For a fleeting moment, this post takes pride of place at the top of my blog. It's the one post everyone reads (or at least looks at the first bit of and then decides not to read any further). It has some kind of importance and relevance, just for today. It might even get some comments. Tomorrow this post will be a bit further down, probably just off the bottom of the screen. Most people will already have read it and so won't bother to look at it again. People who've not logged in it today might find it tomorrow, but others will just read the new top post, unwilling to scroll down any further, and so will miss this one altogether. By next week this post will be so far down the page that most regular readers will have forgotten all about it and new visitors probably aren't going to find it at all. Within a couple of weeks this post will exist only in the archives, where it will be found and read only by those deliberately clicking on my September 2003 link. And there in the archives it will live, part of the history of diamond geezer, just one tiny gem in a forgotten hoard. Such is the lifecycle of a blogpost. And that's a pity.

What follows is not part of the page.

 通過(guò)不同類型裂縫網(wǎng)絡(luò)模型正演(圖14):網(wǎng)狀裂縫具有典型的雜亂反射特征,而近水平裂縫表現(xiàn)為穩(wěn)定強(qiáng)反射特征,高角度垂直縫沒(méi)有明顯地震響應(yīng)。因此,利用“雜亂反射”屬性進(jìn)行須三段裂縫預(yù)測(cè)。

Blogs are the curse of the search engine. You know this when you're a blogger because you get to see all the ludicrous search engine searches that bring people to your site. Yesterday I was the target for a Googler searching for "buying kitchen neasden", all because at some time in the last year those three words have appeared somewhere on this page at the same time. I've never written about kitchens in Neasden myself (if you come back looking again, it's IKEA you want mate), but I have written about buying things, about kitchens, and about Neasden. And therein lies the problem - us bloggers write about so many different things that our pages contain a seemingly random mix of words, all of which can be linked by an obscure search engine request. So, punters searching for something sensible all too often click through to blogs that include nothing on their chosen subject at all. And that's a pity.
But search engines are also the curse of the blog. Search engines often correctly direct people to a blog which has exactly what they're looking for, but then dump them uncermoniously at the top of the main page. It's bloody hard to find something in a blog when it's not right at the top. You arrive at a page knowing that the subject you're interested in is there somewhere, but then you discover that you have absolutely no idea exactly whereabouts it might be. Maybe a bit further down the page, if you can be bothered to look. Or maybe it's in the archives, in which case it's like looking for a needle in a haystack so you might as well give up now and go searching on someone else's page instead. Which is what happens all too often. And that's a pity.

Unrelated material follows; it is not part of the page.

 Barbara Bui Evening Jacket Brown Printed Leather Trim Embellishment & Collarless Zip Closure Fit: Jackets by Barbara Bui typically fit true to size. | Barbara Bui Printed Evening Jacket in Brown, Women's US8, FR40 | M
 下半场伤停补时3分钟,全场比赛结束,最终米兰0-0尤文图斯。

Yesterday Google directed people to my blog who were looking for 'blue peter', 'former big brother house Bow' and 'cheapest 118', amongst other things. All three topics are dissected at length somewhere within diamond geezer, but I doubt that any of those visitors found the information they were looking for. I try to help, I really do. I keep a list down the right hand side of my page with links to all the most common searches, if anyone ever notices it. There's also a box where you can search the entire site, but only about five people use it every week. And then there's the rather splendid diamond geezer index, 2002 and 2003, a veritable linkfest of delights, but only if you realise it's worth clicking on. Which I doubt most visitors do. And that's a pity.
So, what's really needed is for search engines like Google to learn how to link to the right part of a blog. Every blog post is numbered (this one's the very catchy 106256883652801194) so each post is individually linkable. Bloggers know how to link to exactly the right post on other people's blogs, and do, so why can't search engines? In addition, it is possible for me to search my own blog perfectly well from insideBlogger. Using Blogger's internal search engine I can easily find, for example, that I've written precisely elevenposts containing the phrase "search engine". Why isn't this sort of search possible on normal search engines? Especially given that Google actually owns Blogger anyway. It should be a doddle for them to direct your enquiries to exactly the right post on exactly the right archive page. But, currently, it isn't. And then people might actually be able to find what they're looking for. But, currently, they don't. And that's a scandal.